DATA EXTRACT –
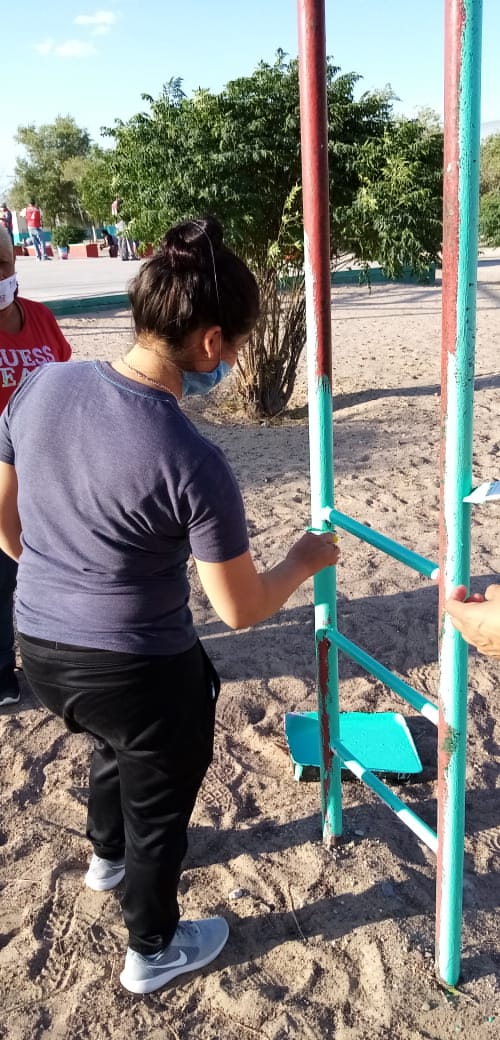 Personal de la Dirección General de Desarrollo Social colaboró este día con las tareas de remozamiento que llevó a cabo el Instituto Para la Cultura del Municipio de Juárez (IPACULT) en un parque ubicado al sur de la ciudad.
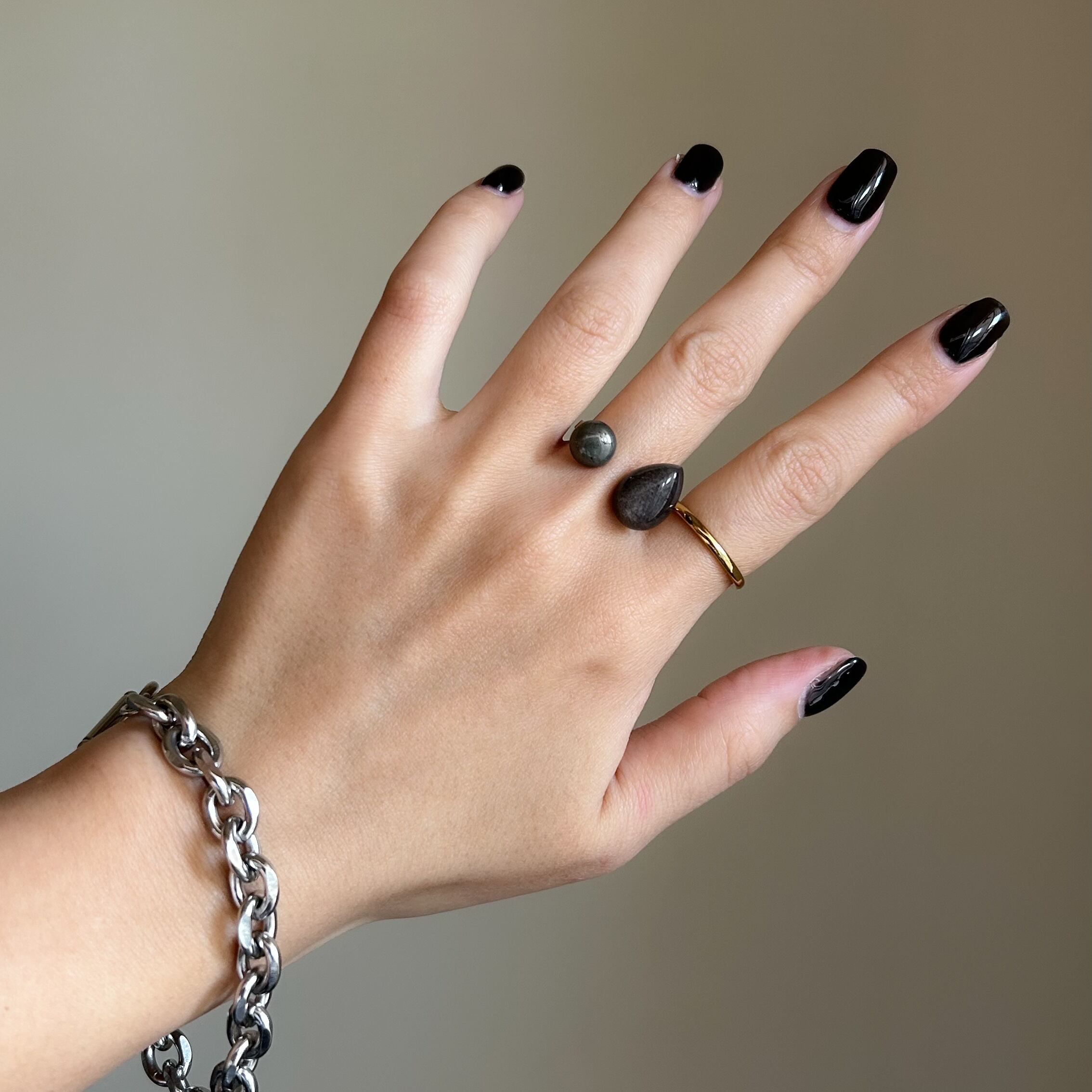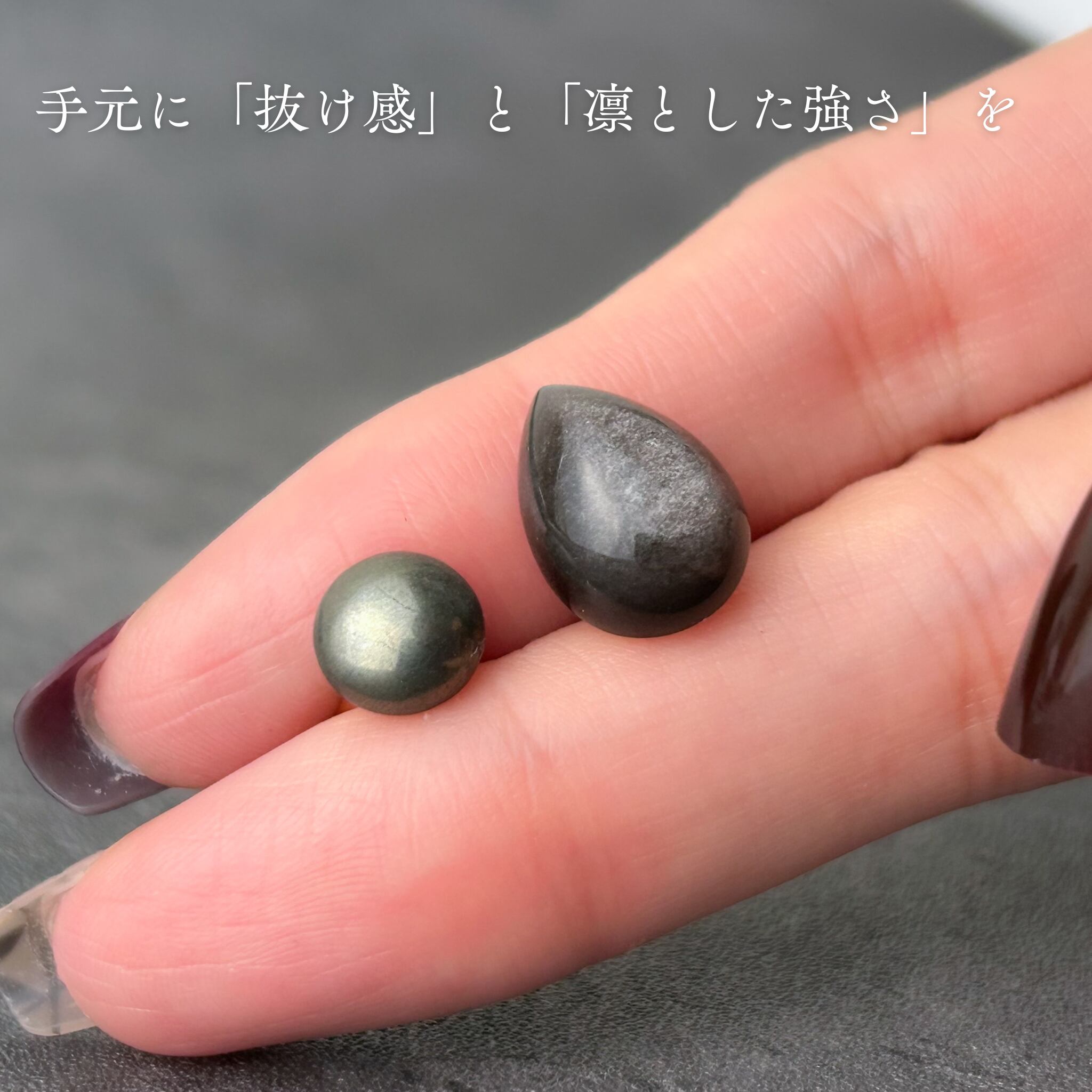 • シルバーオブシディアン: 光の角度によって銀色のシラー(輝き)が現れる神秘的な石。
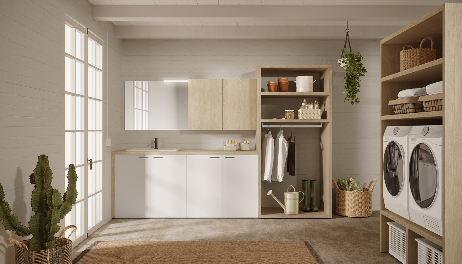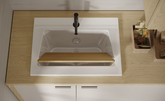 Negli arredi per lavanderia della collezione Passepartout di Artesi potrai trovare un comodissimo vano orizzontale rialzato per lavatrice ed asciugatrice, cesti portabiancheria in metallo Bianco con ruote e un Lavatoio modello Ice 60 in ceramica con tavoletta in legno. Inoltre la nostra linea è in grado di adattarsi perfettamente ad ogni spazio della tua casa.

TASK DETAILS – If the material above contains pictures, exclude them from an otherwise exact transcription.

PROBLEM SOLUTION –
 Personal de la Dirección General de Desarrollo Social colaboró este día con las tareas de remozamiento que llevó a cabo el Instituto Para la Cultura del Municipio de Juárez (IPACULT) en un parque ubicado al sur de la ciudad.
 • シルバーオブシディアン: 光の角度によって銀色のシラー(輝き)が現れる神秘的な石。
 Negli arredi per lavanderia della collezione Passepartout di Artesi potrai trovare un comodissimo vano orizzontale rialzato per lavatrice ed asciugatrice, cesti portabiancheria in metallo Bianco con ruote e un Lavatoio modello Ice 60 in ceramica con tavoletta in legno. Inoltre la nostra linea è in grado di adattarsi perfettamente ad ogni spazio della tua casa.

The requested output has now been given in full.